Ntoudi Mouyelo Strategic Advisor and Coordinator Kigali International Financial Centre said that the recent reforms address key concerns of local and global firms making the ecosystem attractive to investment.
For instance, reforms have seen the introduction of key incentives such as withholding tax at 0 per cent on passive income (dividends, interests, royalties) to facilitate profit repatriation, meaning an investor can expect a return of the entirety of their passive income without any additional tax.
Attractive legal regime
Mouyelo added that with the new company law allowing companies to hold accounts and handle accounting processes in foreign currencies, makes it ideal for the new entrant, Westbridge, to set up a holding company for their Africa operations in Kigali.
“This gives a signal for financial institutions that are looking for consolidation for their treasury in the continent, they may be foreign groups operating in different countries but with their African Hub in Rwanda. The amendments that we have made, very few countries are offering the same,” Mouyelo said.
With Westbridge looking to acquire a local bank, Mouyelo said that it will be important for them to refinance their mortgages which they have incentivized through the investment code whereby firms can set up SPVs (Special-purpose Vehicle) which can be listed on the stock exchange.
The listed SPV’s will be subject to only 5 per cent withholding tax on dividends, an incentive which was previously only for Rwandan and EAC investors.
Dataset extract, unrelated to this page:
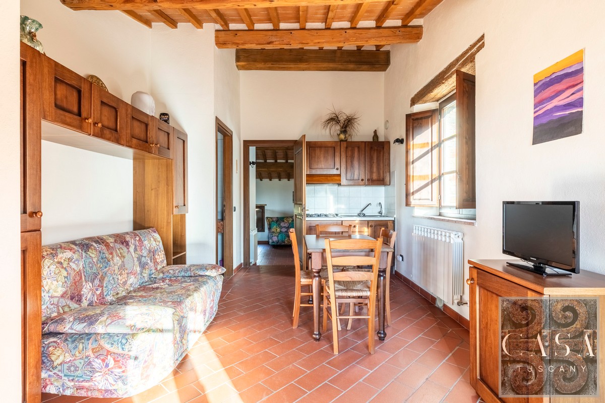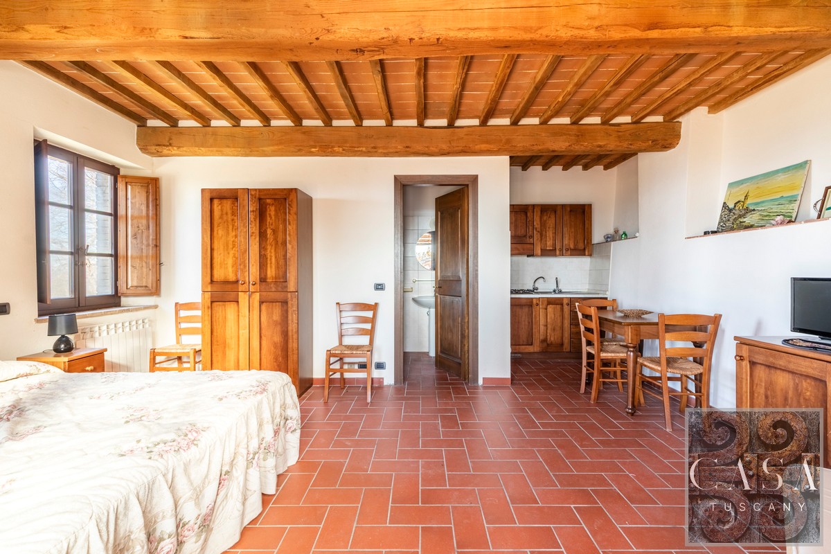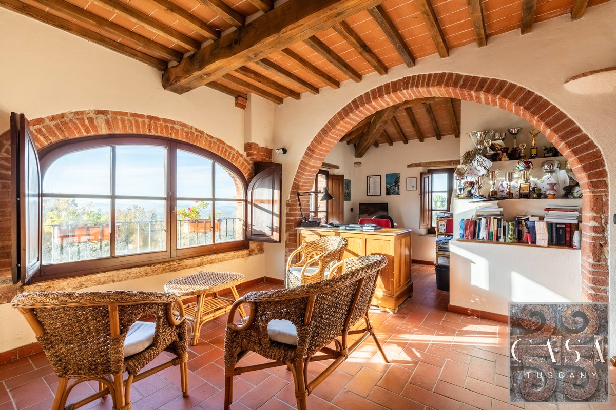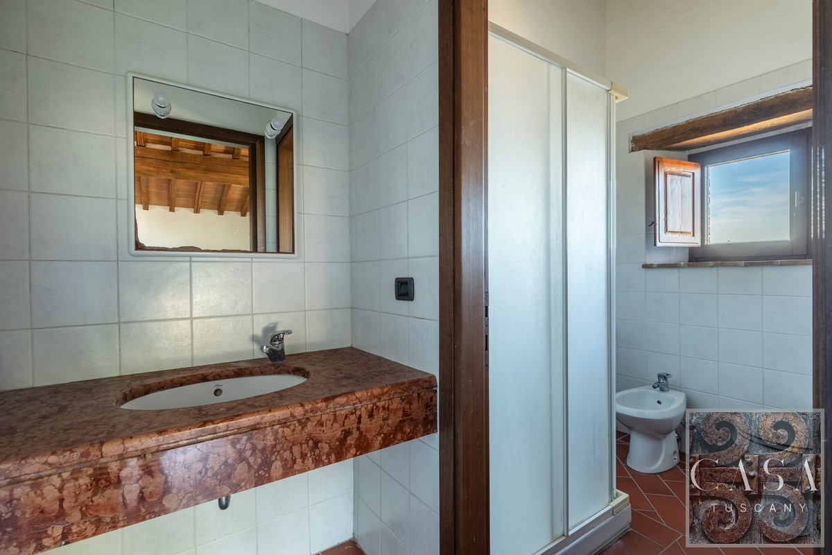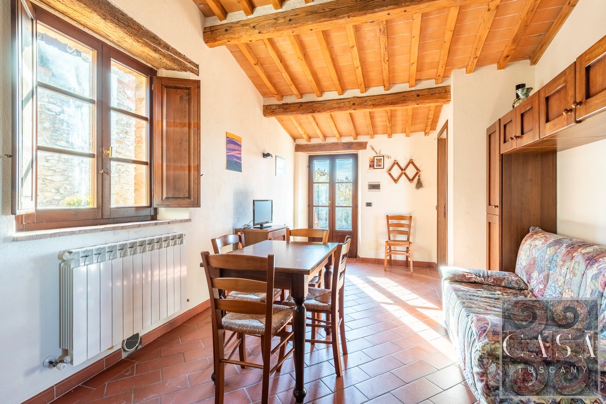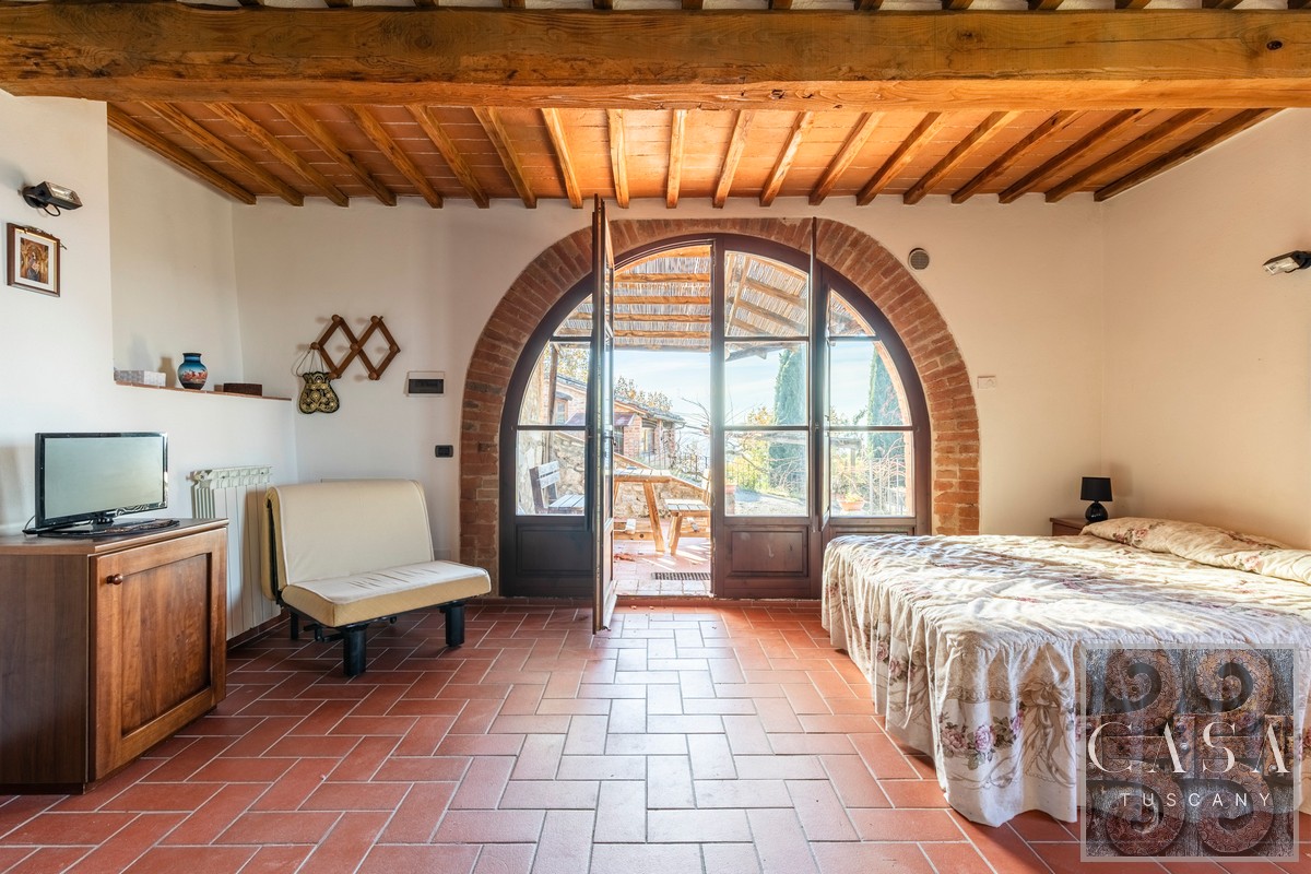 The interiors retain the charm of Tuscan rural architecture: on the ground floor there is a traditional living room with stunning vaulted ceilings, on the first floor there are impressive high ceilings with exposed wooden beams, terracotta floors throughout, and a large central fireplace that becomes the heart of the living area.

Mouyelo added that the new entrant will also drive change, growth and transformation of the local mortgage and real estate sector and market which will provide alternative housing finance especially at a time when there is increased demand for homeownership.
With that, the reforms and adjustments he said are not only targeted at foreign investors but also aimed at creating impact in the local market.
The new reforms also have provisions for 3 per cent corporate income tax for investments sourced outside Rwanda enabling foreign structures seeking revenues not only in Rwanda but Africa, to enable consolidation and reduce taxation stress over consolidated income in Rwanda.
Other laws include; law governing companies, as well as the law governing mutual legal assistance in criminal matters.